I bet those four people love that the moderator took a couple notes and then asked ChatGPT to write a blog post.

As always, the number one tell of LLM output, besides the tone, is that by default it will never include links in the body of the post.

stingraycharles

3 months ago

3 replies

Yeah, “here’s the reality check:”, “not because they’re flashy, but because they’re blah blah”.

Why can’t anyone be bothered anymore to write actual content, especially when writing about AI, where your whole audience is probably already exposed to these patterns in content day in, day out?

It comes off as so cheap.

mccoyb

3 months ago

4 replies

It comes off as someone who lives their life according to quantity, not quality.

The real insight: have some fucking pride in what you make, be it a blog post, or a piece of software.

palmotea

3 months ago

2 replies

> The real insight: have some fucking pride in what you make, be it a blog post, or a piece of software.

The businessmen's job will be complete when they've totally eliminated all pride from work.

philipallstar

3 months ago

3 replies

This same instinct is why a pencil costs almost nothing and is perfect, and isn't rubbish, really expensive, and created by someone who took pride in their work.

soks86

3 months ago

1 reply

I hope you don't take pride in that sentence because I'm still not sure what it means.

Also, automation and pride can go hand in hand. Pride doesn't mean "make it by hand," that would be silly.

philipallstar

3 months ago

1 reply

To put it another way: an apocryphal businessman took something that people took pride in and gradually optimised everything so much that all the logging, transportation, graphite work and combination resulted in a perfect pencil that costs basically nothing almost anywhere in the world.

gf000

3 months ago

1 reply

Pencils here are a bit like grains. The market works for them because they fall into such a niche that economic "laws" works there.

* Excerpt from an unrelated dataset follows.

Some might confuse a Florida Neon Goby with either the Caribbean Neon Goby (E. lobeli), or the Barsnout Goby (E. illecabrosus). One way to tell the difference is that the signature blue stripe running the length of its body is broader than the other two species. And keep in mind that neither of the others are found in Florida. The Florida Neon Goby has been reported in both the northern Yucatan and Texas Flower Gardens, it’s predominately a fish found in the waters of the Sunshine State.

But it's a fallacy to apply it elsewhere and there are millions of examples where the free market failed to optimize a product.

philipallstar

3 months ago

I don't agree. Loads of things are like this. Cars, microchips, hard drive storage, monitors, TVs, laptops. All either much better than they used to be, or much cheaper, or both.

palmotea

3 months ago

1 reply

> This same instinct is why a pencil costs almost nothing and is perfect, and isn't rubbish, really expensive, and created by someone who took pride in their work.

No. Have you worked with businessmen? 90% of the time they're telling you to cut corners and leave things broken, to the point you have a janky mess that can be barely held together. And, right now, we're talking about a technology (LLMs) that is well known to introduce stupid but often hard to spot errors.

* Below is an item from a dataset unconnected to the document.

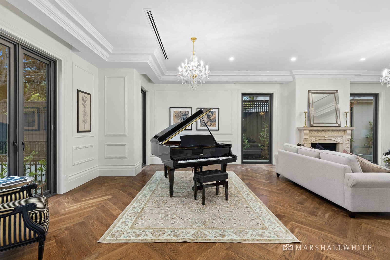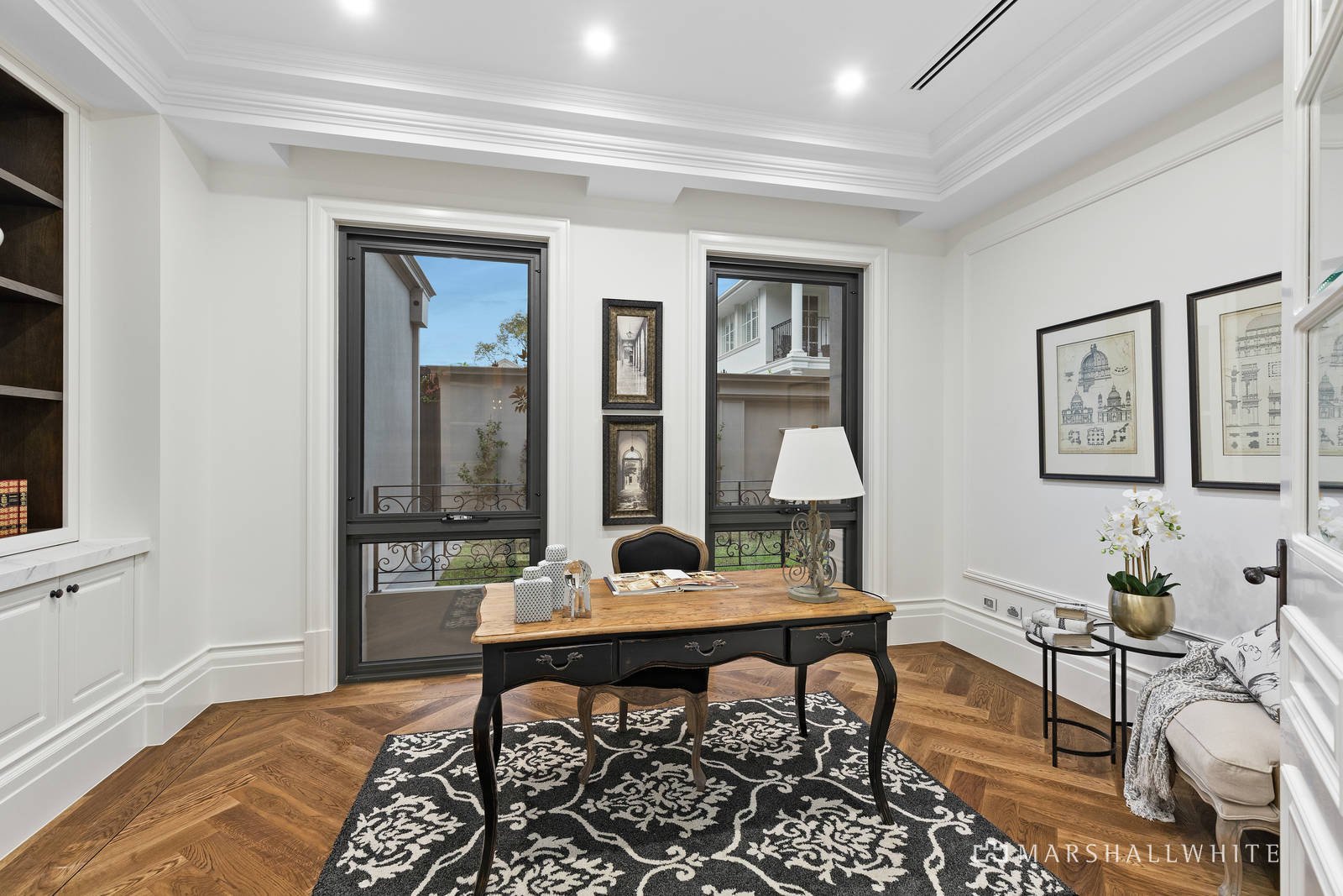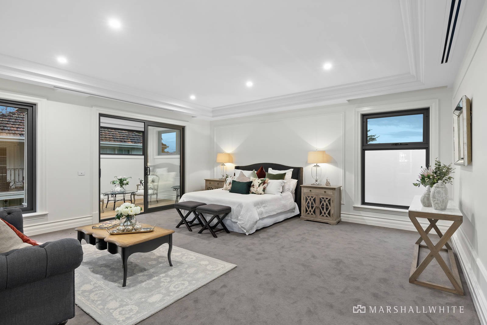 The master bedroom is a private domain with its own sitting room, dressing room and hotel-standard ensuite, whilst another trio of upstairs bedrooms are each serviced by ensuites and walk-through built-in robes. Centrally heated and air conditioned, the home is fully secure with keyless coded entry, intercom entry, a security alarm and CCTV surveillance.

They don't want a pencil that's perfect. They want one that's just barely good enough to write with and that they can get maximum profit margin on.

And then, you know, there's the whole thing about life being more than output.

philipallstar

3 months ago

1 reply

Life can be more than output, which is why you don't want buying pencils, or anything else, to take up any more of your wages than is absolutely necessary.

palmotea

3 months ago

1 reply

> Life can be more than output, which is why you don't want buying pencils, or anything else, to take up any more of your wages than is absolutely necessary.

You're not getting it. It'd probably help if you stopped focusing on your pencil story, it's frankly off-topic.

To try one more time: You probably spend half your waking ours at work. The quality of that time is important to your well being. Even if the businessmen sell you cheap, perfect pencils (which I do not grant), swimming in them in your off hours won't help with the other half of your time.

philipallstar

3 months ago

> It'd probably help if you stopped focusing on your pencil story, it's frankly off-topic.

I've no idea what this italicisation is meant to do; nor why this is off-topic. Stating things isn't explaining them.

> Even if the businessmen sell you cheap, perfect pencils (which I do not grant), swimming in them in your off hours won't help with the other half of your time.

It helps in that I don't have to spend as much of my time working to buy pencils. It's the same with everything. There's no reason why a laptop doesn't cost $1m except that the incredible, detailed, cross-continent cooperative work is done by experts and coordinated by a market for that work driving costs down and quality up.

blargey

3 months ago

Do you actually use pencils? The most popular US (cheapo) brands have atrocious quality because they compromised on materials and construction to get the lowest sticker price possible.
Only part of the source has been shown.